**TASK DIRECTIONS:** In this exercise, retype exactly the lines from the start of the entries through the line bearing "- This solid", leaving every picture out.
+===+
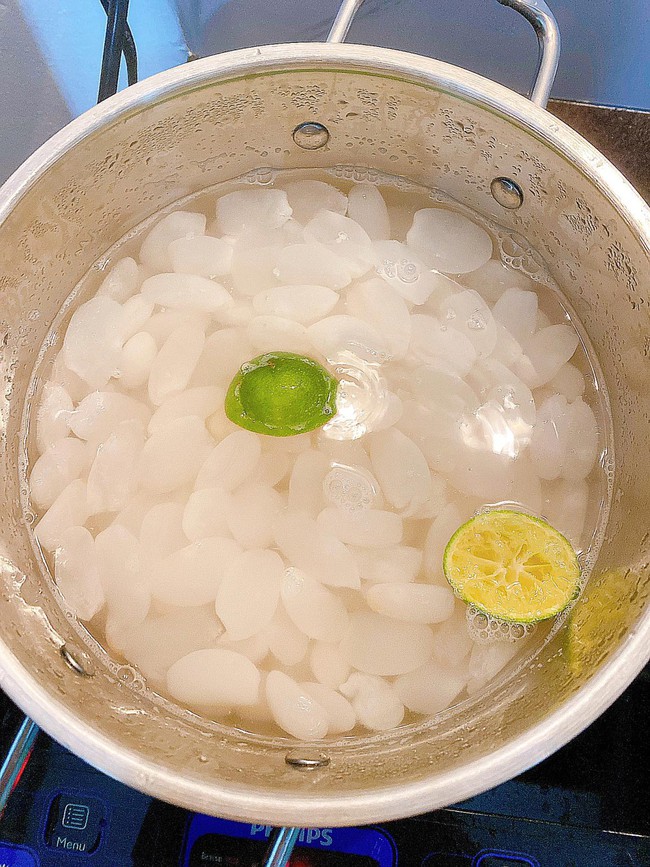 Với hạt đác, bạn rửa 2-3 lần với nước rồi vắt nước cốt chanh vào, bóp nhẹ để hạt đác hết chất nhớt và thơm hơn. Sau đó, bạn cho hạt đác vào nồi, đổ nước ngập xâm xấp, thêm cả vỏ chanh vào và luộc khoảng 2-3 phút.
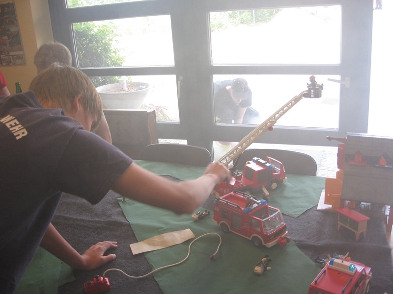 Zum Spielen hatten die Jugendlichen am heutigen Jugendfeuerwehr-Projekttag eine ganze Menge. Im großen Stil brachten sie ihr Playmobil mit, um damit eine Foto-Story für die Website zu erstellen. Das Ergebnis könnt ihr hier genau unter die Lupe nehmen.
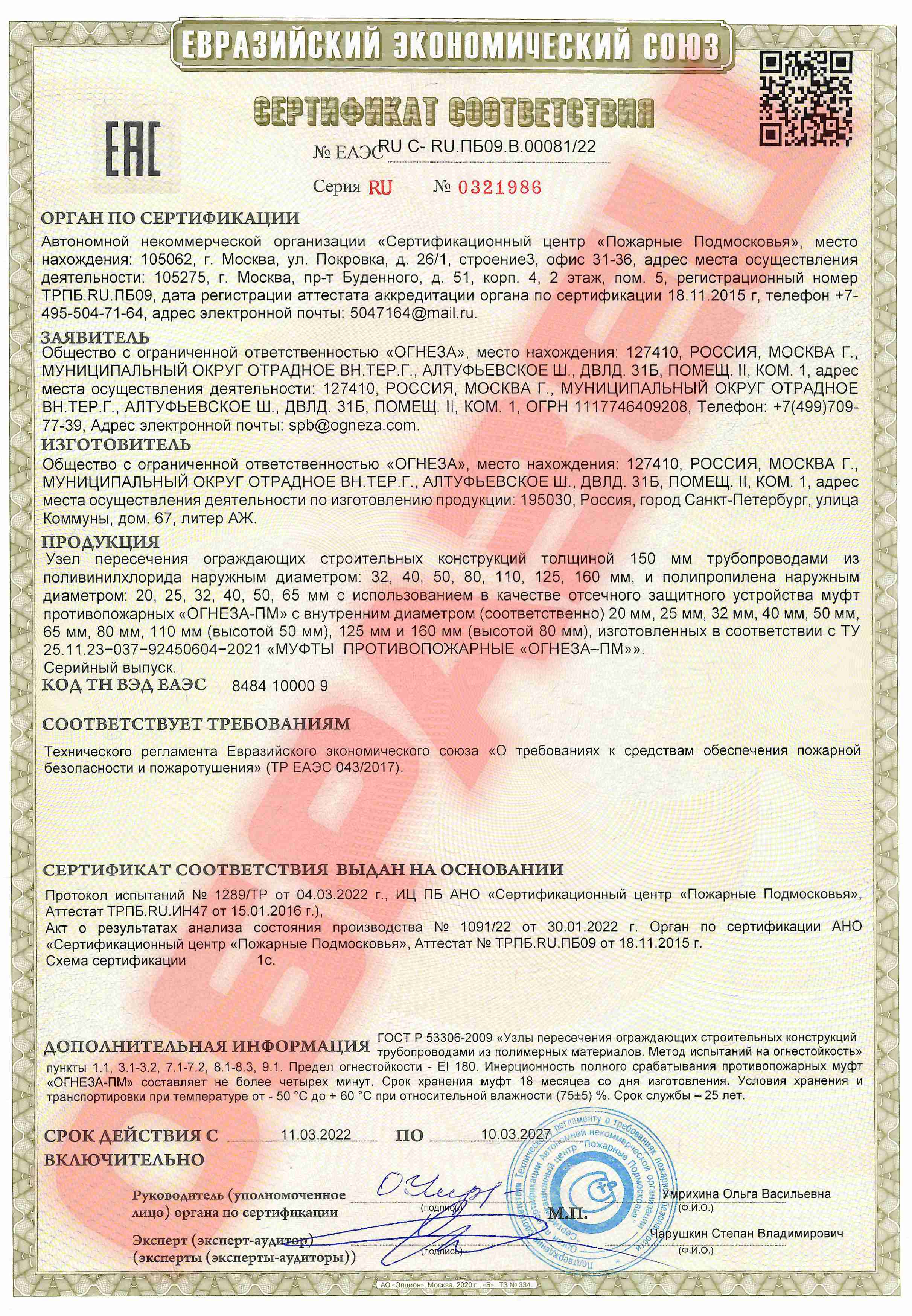 В случае возникновения пожара, под действием высоких температур, муфта срабатывает и перекрывает отверстие в перекрытии (стене) с нормированной степенью огнестойкости до EI-240, резко уменьшая вероятность распространения пожара на соседнее помещение. Муфта работоспособна при монтаже на вертикальные и горизонтальные трубопроводы.
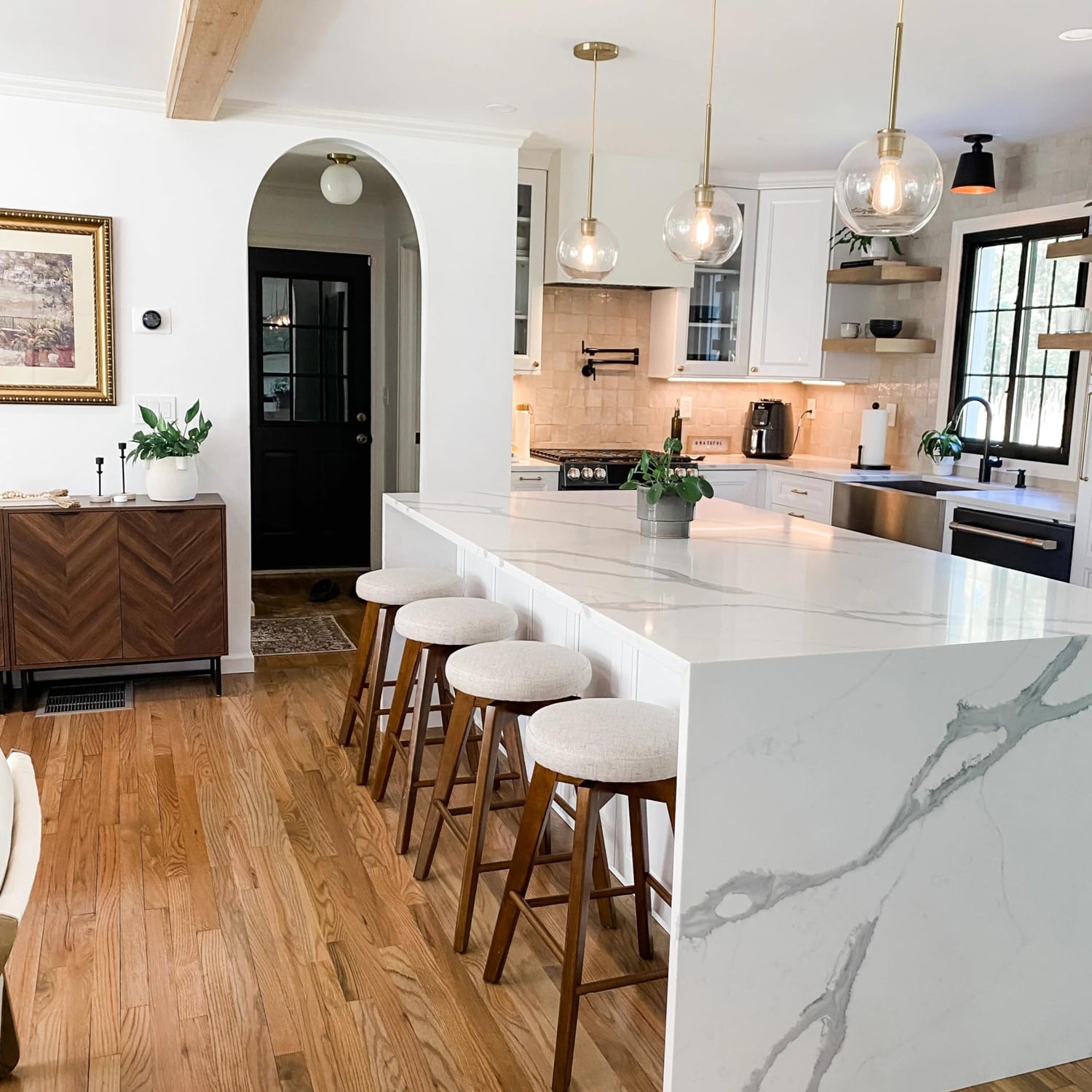 - This solid wood stool is the perfect height for a kitchen island, bar, counter, or tall table.
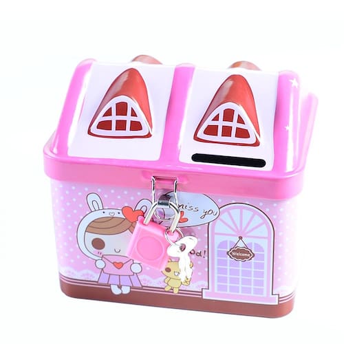 Tamanho: 12x9,5x10,5 cm Material: Metal 1. Design de casa exclusivo Feito adoravelmente no formato de uma casa rosa com janelas e teto de desenhos animados, este banco de moedas oferece diversão para economizar dinheiro e ilumina o quarto de qualquer criança. 2. Construção metálica durável Feito de material de folha de flandres resistente, este banco de poupança é resistente a quedas e desgaste, tornando-o seguro e duradouro para uso diário por crianças pequenas. 3. Secure with Lock & Key Possui um mini cadeado e sistema de chaves para manter as moedas seguras, incentivando bons hábitos de economia e dando às crianças um senso de responsabilidade. 4. Compacto e leve, medindo 12x9,5x10,5 cm, o tamanho é perfeito para mãos pequenas e fácil de transportar ou colocar em uma prateleira, mesa ou mesa de cabeceira. 5. Ideal ou recompensa Perfeito como presente de aniversário, prêmio de sala de aula ou lembrancinha de festa — ótimo para jardins de infância, recompensas escolares ou surpresas de férias em família.
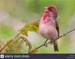 北朱雀,是燕雀科朱雀属鸟类。雄鸟额和头顶前部珠白色具窄的粉红色羽缘,…
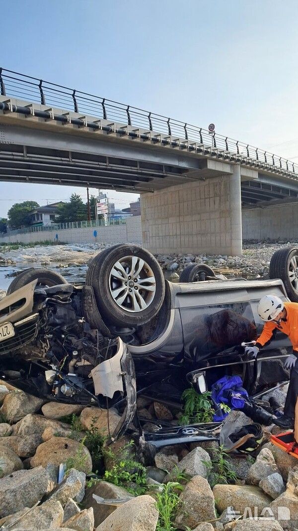 경기 포천시 이동면에서 차량이 하천으로 추락하는 사고가 발생했다.
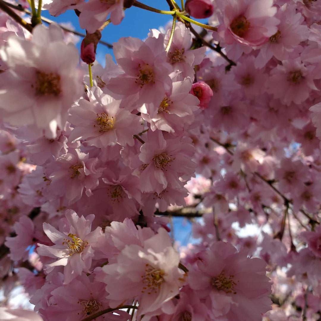 The Okame Cherry Tree is one of the earliest blooming cherry trees, showcasing masses of vivid pink flowers in early spring. Its upright, rounded habit and fast growth make it an eye-catching addition to any garden or landscape.
+===+
**OUTPUT OF THE TASK:**
 Với hạt đác, bạn rửa 2-3 lần với nước rồi vắt nước cốt chanh vào, bóp nhẹ để hạt đác hết chất nhớt và thơm hơn. Sau đó, bạn cho hạt đác vào nồi, đổ nước ngập xâm xấp, thêm cả vỏ chanh vào và luộc khoảng 2-3 phút.
 Zum Spielen hatten die Jugendlichen am heutigen Jugendfeuerwehr-Projekttag eine ganze Menge. Im großen Stil brachten sie ihr Playmobil mit, um damit eine Foto-Story für die Website zu erstellen. Das Ergebnis könnt ihr hier genau unter die Lupe nehmen.
 В случае возникновения пожара, под действием высоких температур, муфта срабатывает и перекрывает отверстие в перекрытии (стене) с нормированной степенью огнестойкости до EI-240, резко уменьшая вероятность распространения пожара на соседнее помещение. Муфта работоспособна при монтаже на вертикальные и горизонтальные трубопроводы.
 - This solid wood stool is the perfect height for a kitchen island, bar, counter, or tall table.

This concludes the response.